2.5 A couple more for processes

If the EE type is process, the eelib must also provide:

    int  oprc_pid();  
    void oprc_shmalloc(void **ptr, int size, int upd);  
    void oprc_shmfree(void *p);

which, correspondingly, return the process id of the EE, allocate space in shared memory and free it.

3 What facilities are provided by ort to eelib

Assuming one works in directory runtime/host/othr_foo, there are 3 basic files that one may include in othr.c:

    config.h  
    ../sysdeps.h  
    ../ort.h

The first one resides in the common/ directory of ompi’s source tree and provides some definitions created during configuration time, such as the name of the package (“ompi”), its version etc. One may need to perform some extra tests for the availability of certain system header files or library functions; the place to do those is file configure.in, so that the results are available as definitions in file config.h.

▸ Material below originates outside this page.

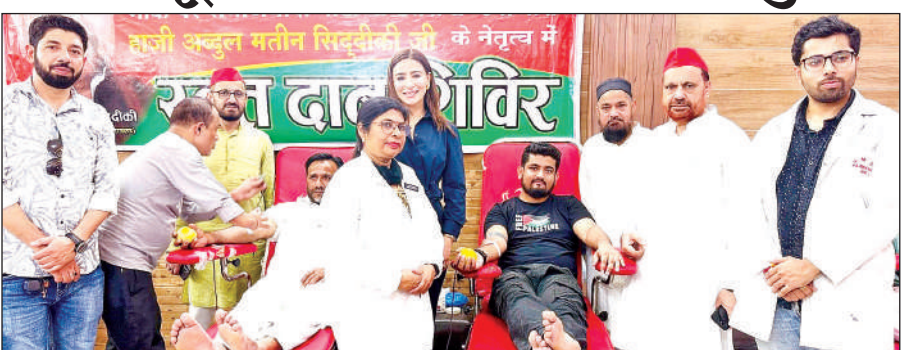
बनभूलपुरा में जश्न-ए-ईद मिलाद-उन-नबी के मौके पर रक्तदान करते लोग।

The second file contains some system-specific utilities and definitions. The definitions include the processor type of the system, the platform type, the operating system type, the size of the processors’ cache lines, and a few others. This file provides two major facilities that can be useful for a threading library:

Finally, the third file (../ort.h) provides the rest of the facilities described below. In fact, this file includes the other two headers, so this is the only file one has to include, after all:

    #include "../ort.h"

3.1 What is provided in ort.h

The first thing ort provides is a set of memory allocation functions (ort_alloc(), ort_calloc(), ort_alloc_aligned(), ort_calloc_aligned(), ort_realloc_aligned()) which also check whether the requested memory block could not be allocated (causing an exit). The last three functions allocate memory aligned to the cache line size of the processor, which is a must for performance. The actual memory allocated contains usually more bytes than requested and starts at an unaligned position, so the functions return a pointer to the aligned portion of the memory block and set their ‘actual’ parameter to point to the actual (unaligned) block start; the latter is what one should free() if needed.

Finally, there is a function to display a warning and another one to diplay an error and exit() with a particular value.

3.2 Barriers

ort implements a default barrier in ort.c/ort.h which makes use of the locks provied by eelib. The barrier functions are also available for eelib to use:

    void ort_default_barrier_init(ort_defbar_t *bar, int numees)  
    void ort_default_barrier_wait(ort_defbar_t *bar, int thrid)  
    void ort_default_barrier_destroy(ort_defbar_t *bar)

You may want to experiment with your own barrier algorithms. In order to override the one in ort.c, all you have to do in your ee.h is:

    #define AVOID_OMPI_DEFAULT_BARRIER

and implement the following 3 functions in your othr.c:

    void othr_barrier_init(othr_barrier_t *bar, int n);  
    void othr_barrier_wait(othr_barrier_t *bar, int id);  
    void othr_barrier_destroy(othr_barrier_t *bar);

Of course, ee.h must provide the prototypes, plus the definition for othr_barrier_t. Finally, notice that in light of the tasking support in OpenMP, barriers are task scheduling points that require/make sure that all tasks of the binding thread team have finished before continuing. See runtime/host/ee_pstrheads/ for an example.

3.3 Tasks

NOTE: This section is incomplete.

ompi provides support for tasks in ort, which is independent of the actual EE that is used. However, it also allows for an eelib to provide its own task implementation, if needed. In order to do this, all you have to do is:

    #define AVOID_OMPI_DEFAULT_TASKS

in your ee.h, and implement the following 3 functions in your othr.c:

    void othr_new_task();  
    void othr_new_task_exec();  
    void othr_taskwait();

…to be completed.

1Important: the call must be made in the context of the thread, i.e. nobody else may call this on behalf of the thread in question.